━━ Information given ━━
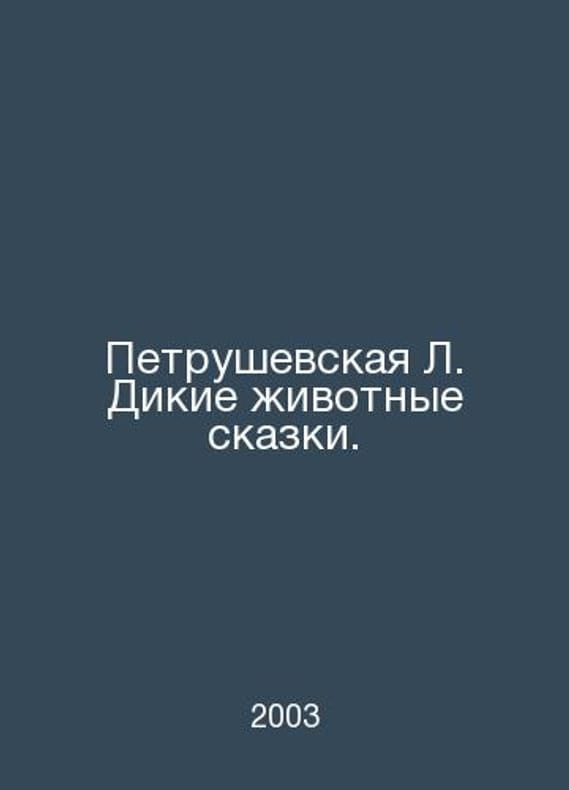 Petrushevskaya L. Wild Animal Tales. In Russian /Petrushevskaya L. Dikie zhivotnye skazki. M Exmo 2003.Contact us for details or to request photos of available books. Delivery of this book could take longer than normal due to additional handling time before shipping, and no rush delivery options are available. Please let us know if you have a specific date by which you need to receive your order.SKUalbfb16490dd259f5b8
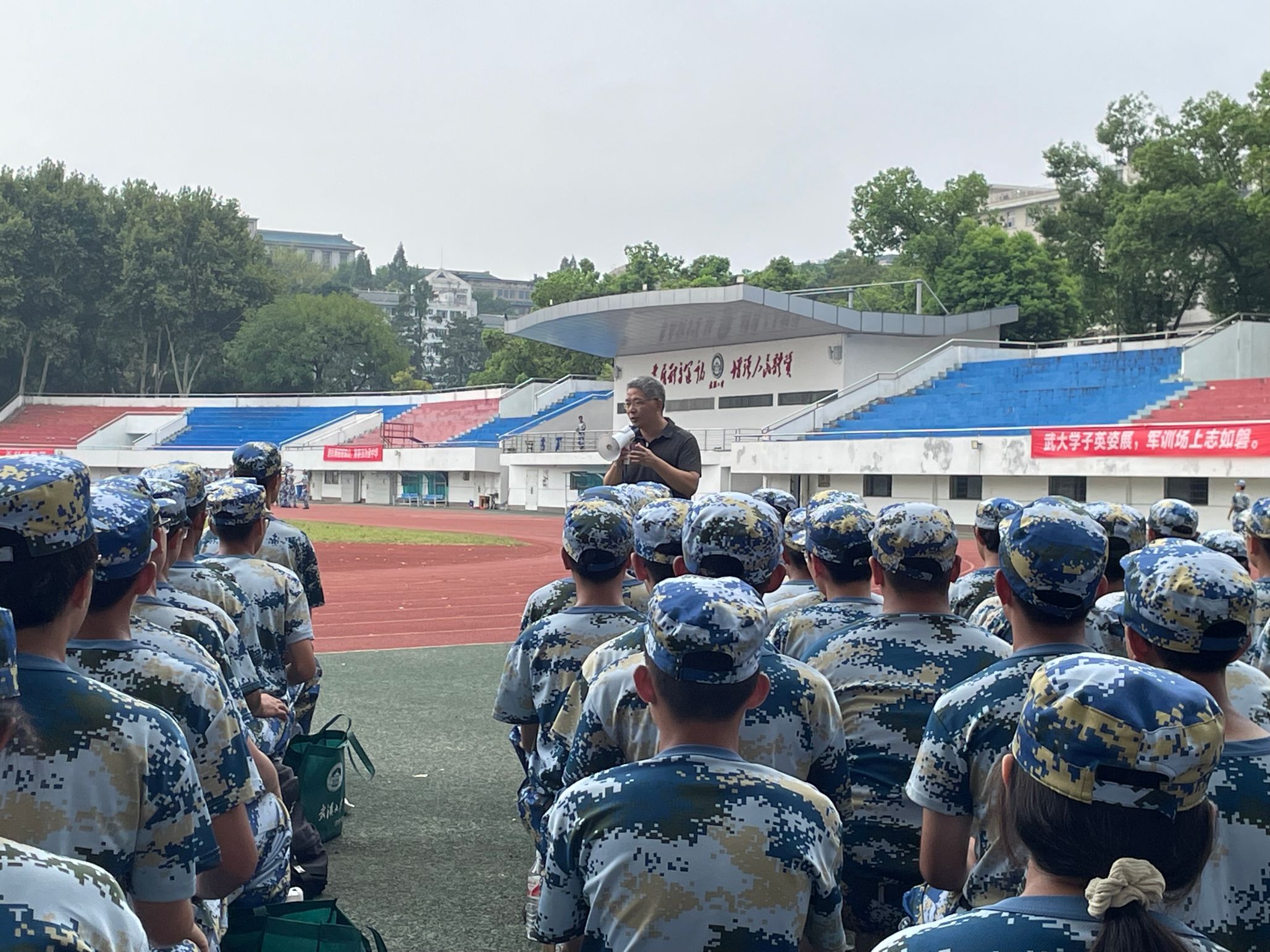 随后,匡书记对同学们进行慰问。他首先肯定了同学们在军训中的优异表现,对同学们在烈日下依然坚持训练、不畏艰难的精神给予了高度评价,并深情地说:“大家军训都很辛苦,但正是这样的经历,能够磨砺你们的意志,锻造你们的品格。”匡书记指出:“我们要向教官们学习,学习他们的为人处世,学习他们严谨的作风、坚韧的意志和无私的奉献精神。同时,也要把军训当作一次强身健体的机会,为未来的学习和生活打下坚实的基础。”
━━━
━━ Information given ━━
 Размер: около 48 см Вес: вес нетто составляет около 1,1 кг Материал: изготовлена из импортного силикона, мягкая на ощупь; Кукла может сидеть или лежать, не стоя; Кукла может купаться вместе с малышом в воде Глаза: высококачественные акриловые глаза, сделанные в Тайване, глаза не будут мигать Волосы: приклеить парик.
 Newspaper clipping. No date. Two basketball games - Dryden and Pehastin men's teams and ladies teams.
━━━
* [Your objective] Exact copy, pictures excluded: from the line with "Petrushevskaya L. Wild" up to and including the line with "随后,匡书记对同学们进行慰问" in the data above.

* [Result below]
 Petrushevskaya L. Wild Animal Tales. In Russian /Petrushevskaya L. Dikie zhivotnye skazki. M Exmo 2003.Contact us for details or to request photos of available books. Delivery of this book could take longer than normal due to additional handling time before shipping, and no rush delivery options are available. Please let us know if you have a specific date by which you need to receive your order.SKUalbfb16490dd259f5b8
 随后,匡书记对同学们进行慰问。他首先肯定了同学们在军训中的优异表现,对同学们在烈日下依然坚持训练、不畏艰难的精神给予了高度评价,并深情地说:“大家军训都很辛苦,但正是这样的经历,能够磨砺你们的意志,锻造你们的品格。”匡书记指出:“我们要向教官们学习,学习他们的为人处世,学习他们严谨的作风、坚韧的意志和无私的奉献精神。同时,也要把军训当作一次强身健体的机会,为未来的学习和生活打下坚实的基础。”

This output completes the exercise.